E3SM-Project / polaris

Testing and analysis for OMEGA, MPAS-Ocean, MALI and MPAS-Seaice
BSD 3-Clause "New" or "Revised" License
6 stars 13 forks source link

Change algorithm for constraining resources #79

Closed altheaden closed 1 year ago

altheaden commented 1 year ago

This is a port from changes made in Compass: https://github.com/MPAS-Dev/compass/pull/573

Previously, nothing was preventing cpus_per_task from being more than the number of cores on a node. This is inconvenient because unsafe or non-performant behavior will occur if more python threads are used than cores on a node.
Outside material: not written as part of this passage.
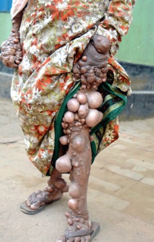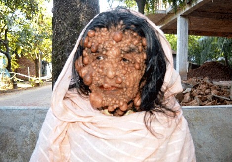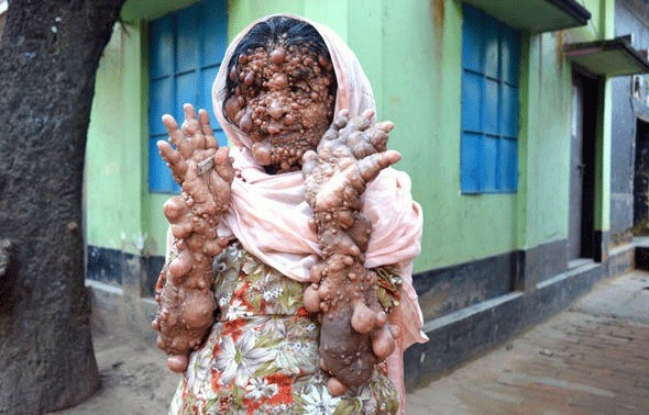 60 yaşındaki Bangladeşli Begum, saç diplerinden ayak tırnaklarına kadar tamamen tümörlerle yaşam mücadelesi veriyor.

This merge changes the way resources are constrained. First, cpus_per_task is constrained to be less than the lower of the number of cpus on a node or the number of total cores available. Then, we check to see if cpus_per_task is smaller than the minimum allowed for the given step. Next, we allow all tasks to have the same cpus_per_task and constrain the number of tasks not to exceed the total available resources. Finally, we check to make sure the number of tasks is not below the allowed minimum for the step.
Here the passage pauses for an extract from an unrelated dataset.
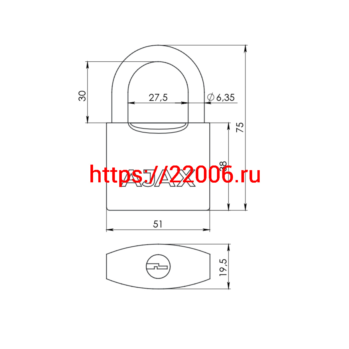 - Замок Ajax (Аякс) навесной PD-0550 3 key в Москве недорого
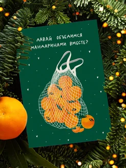 Новогодняя открытка "Давай объедимся мандаринами вместе?"

There are 4 typical resource requirements for steps:

serial (1 task and 1 cpu per task) threading or multiprocessing on a node (1 task, multiple cpus per task) MPI jobs without threading (multiple tasks, 1 cpu per task) MPI jobs with threading (multiple tasks, a few cpus per task) This algorithm should handle all of these without difficulty.

Checklist

altheaden commented 1 year ago

I have tested this just now with the most recent version of main. I ran the pr suite against a baseline and everything passed as expected.

altheaden commented 1 year ago

@xylar the dev guide documentation changes didn't make it through the rebase (the filename was different and git got confused), so please double check that those changes are how you want them to be.

altheaden commented 1 year ago

OK, I just built the documentation locally and I can see some formatting errors, I'll fix those now.

altheaden commented 1 year ago

Formatting is fixed now, just some issues converting from rst to markdown that I didn't notice before.